• Deprecation of non-normalized Dpkg::Vendor:: modules

    From Guillem Jover@21:1/5 to All on Fri Oct 7 04:40:01 2022
    Hi!

    Some days ago Niels Thykier pointed out that the handling of origin
    files and vendor modules was not consistent. When looking into this
    for the Dpkg::Vendor::<vendor> loading code, I realized it was not
    properly handling vendor names with problematic special characters
    such as [\s:;/], and that it was not capitalizing it to conform to
    the existing perl module naming convention. The origin file handling
    was also only mapping the _first_ space into a «-».

    So I've added code to remap anything that is not alphanumeric into
    «-» for origin files, and to use them as word separators for module
    names and capitalization points. And then added deprecation warnings
    for the origin filenames and vendor modules that contain
    non-alphanumeric characters, and for vendor modules also for names
    starting with lower-case letters. I've updated the documentation to
    make these clear in git HEAD.

    I've gone through the derivatives census, and it's not clear from
    there what derivatives have a Dpkg::Vendor module, but the change
    seemed safe given the currently listed vendor names. And in any case
    there's going to be a transition period.

    If this is going to cause some issues, please let me know and we can
    talk about possible solutions/alternatives or something. Even though
    the easy way out would be to provide both module names.

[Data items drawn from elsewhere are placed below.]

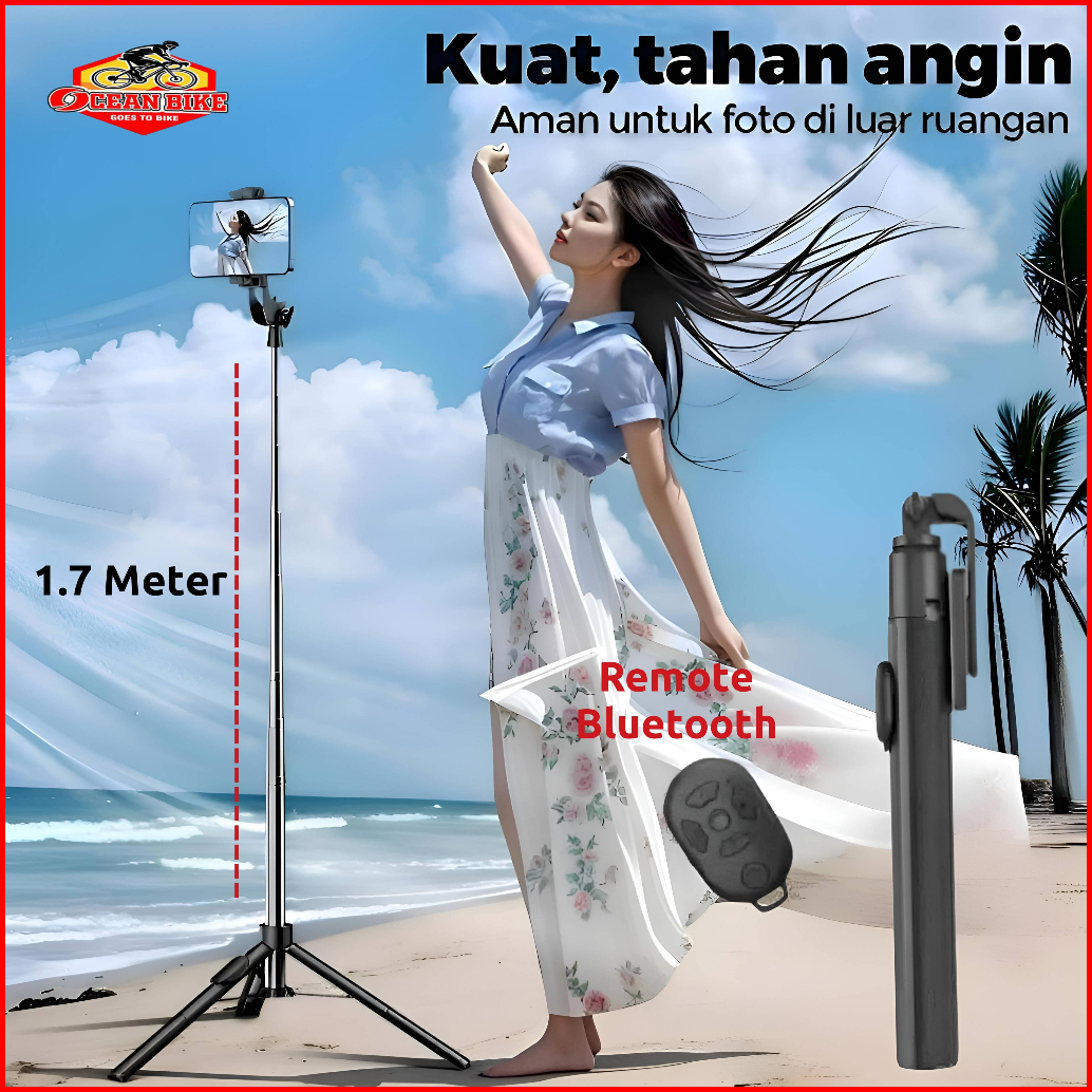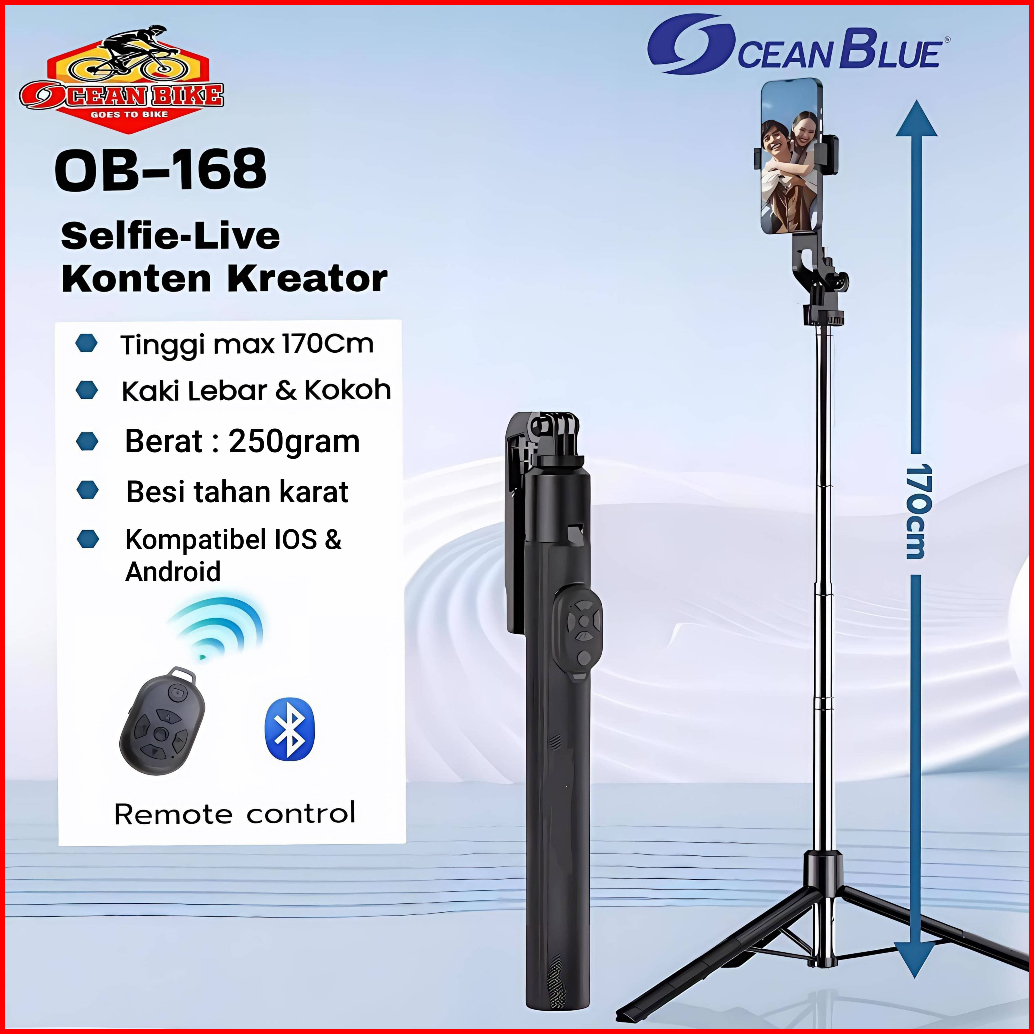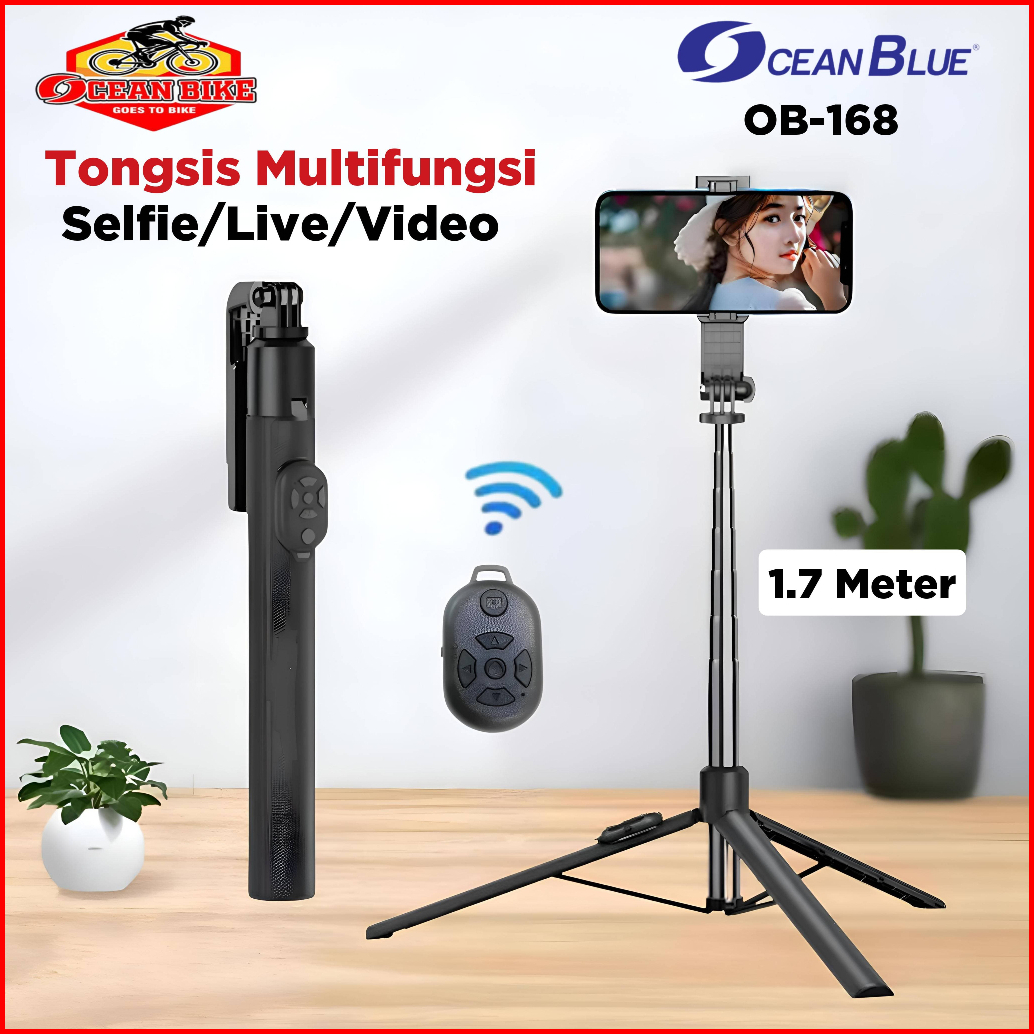 Oceanblue Tripod Bluetooth Remote Tongsis Selfie Stick 3in1 Ob168 170 Cm Video Konten Kreator
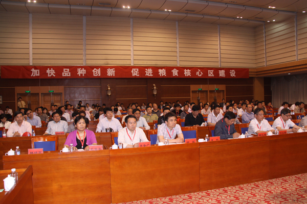 农业厅朱孟洲厅长在讲话中肯定了百农矮抗58在河南粮食生产上作出的巨大贡献,他恳请与会的院士、专家多指导河南省的农业生产工作,并相信会议将为进一步加快以百农矮抗58为代表的优良品种的推广应用步伐,为全省粮食丰产发挥促进作用。
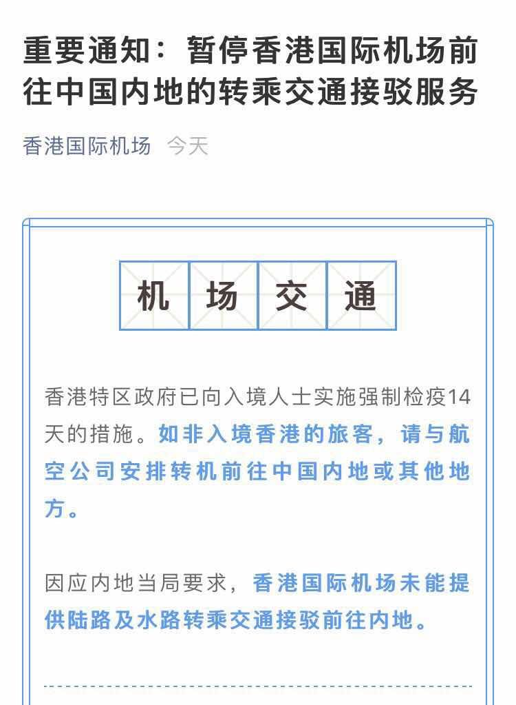 据“香港国际机场”微信公众号消息,香港特区政府已向入境人士实施强制检疫14天的措施。如非入境香港的旅客,请与航空公司安排转机前往中国内地或其他地方。
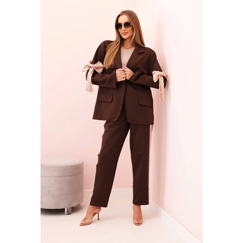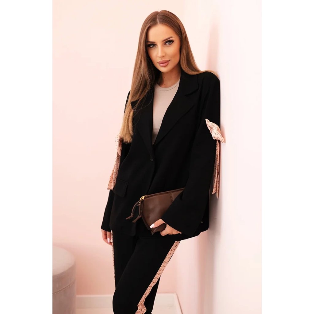 Dámská souprava s viskózou – sako s klopami a kalhoty s lampasem Alina
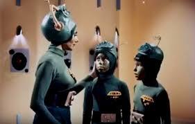 The doorbell rings and the two Martians look at each other. “I wonder who that might be?” says Bleeker.
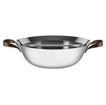 Edo wokpande i rustfrit stål og aluminium fra Alessi har to praktiske håndtag i et moderne design samt et medfølgende låg. Den magnetiske bund på wokpanden gør den egnet til brug på induktionskogeplader. Edo-serien er designet af Patricia Urquiola og indeholder udover denne wokpande også almindelige stegepander og gryder i samme stilfulde design.
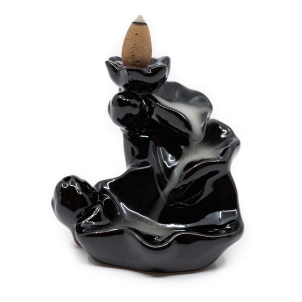 A beautiful Backflow incense holder in black ceramic, where the smoke from incense cones will single downwards and create a beautiful waterfall of smoke.
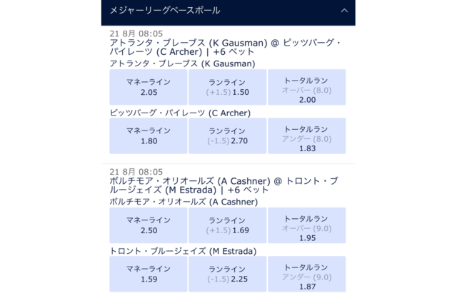 - 基本的な野球ベッティングについて(勝敗など)
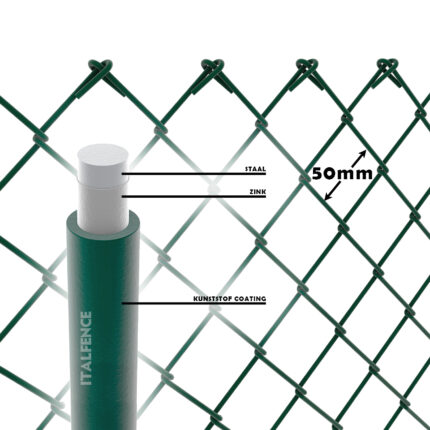 - TECHNISCHE KENMERKEN: Materiaal: Geplastificeerd ijzer; Ronde sectie met “O”; PVC kleur: Groen (RAL6005).
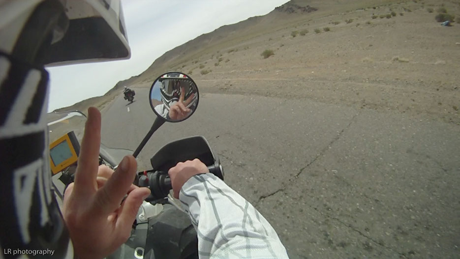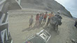 Premier avertissement : au milieu de la caillasse, une zone de sable. Crothe passe en plein dedans..chute! Un pied coincé sous une caisse alu, mais par bonheur rien de plus grave. La moto remise sur ses roues ne présente aucun dégâts..ouf!

    But there are still some vague handling as there are multiple casing
    tries for file and module lookups (lower-cased, as-is, lower-cased
    then capitalized, capitalized), which can make this overly confusing.
    I'm pondering whether to restrict these names further to have extremely
    clear rules, although I'm afraid of this potentially causing issues? A
    simple rule would be that a vendor name can only contain alphanumeric characters in any casing, and dashes. No spaces or other special
    characters allowed, as that can also be problematic on say debian/rules
    when using $(filter ...). For origin filenames these would be mapped to lowercase, for the perl module name dashes would mark capitalization
    boundaries and then removed, so we'd have:

    Vendor origin-filename vendor-module
    ------ --------------- -------------
    Some-Vendor-OS some-vendor-os SomeVendorOs
    SOME-vendor-os some-vendor-os SomeVendorOs
    SomeVendorOS somevendoros Somevendoros

    My worry with the above proposal of further tightening the rules, is
    that this might affect code expecting specific vendor names, so it
    might not be feasible or desirable even with a transition period.
    A more lenient but still safe rule could be to allow other
    non-alphanumeric characters (say such as [-.:;/%]) as separators except
    for spaces, which would follow the same rule as the aforementioned «-»
    one. Otherwise the casing rules could still apply to both the
    origin-filename and the vendor-module, as that would imply just those
    two files, and no further interface fallout. Let me know what you think!

    Thanks,
    Guillem

    --- SoupGate-Win32 v1.05
    * Origin: fsxNet Usenet Gateway (21:1/5)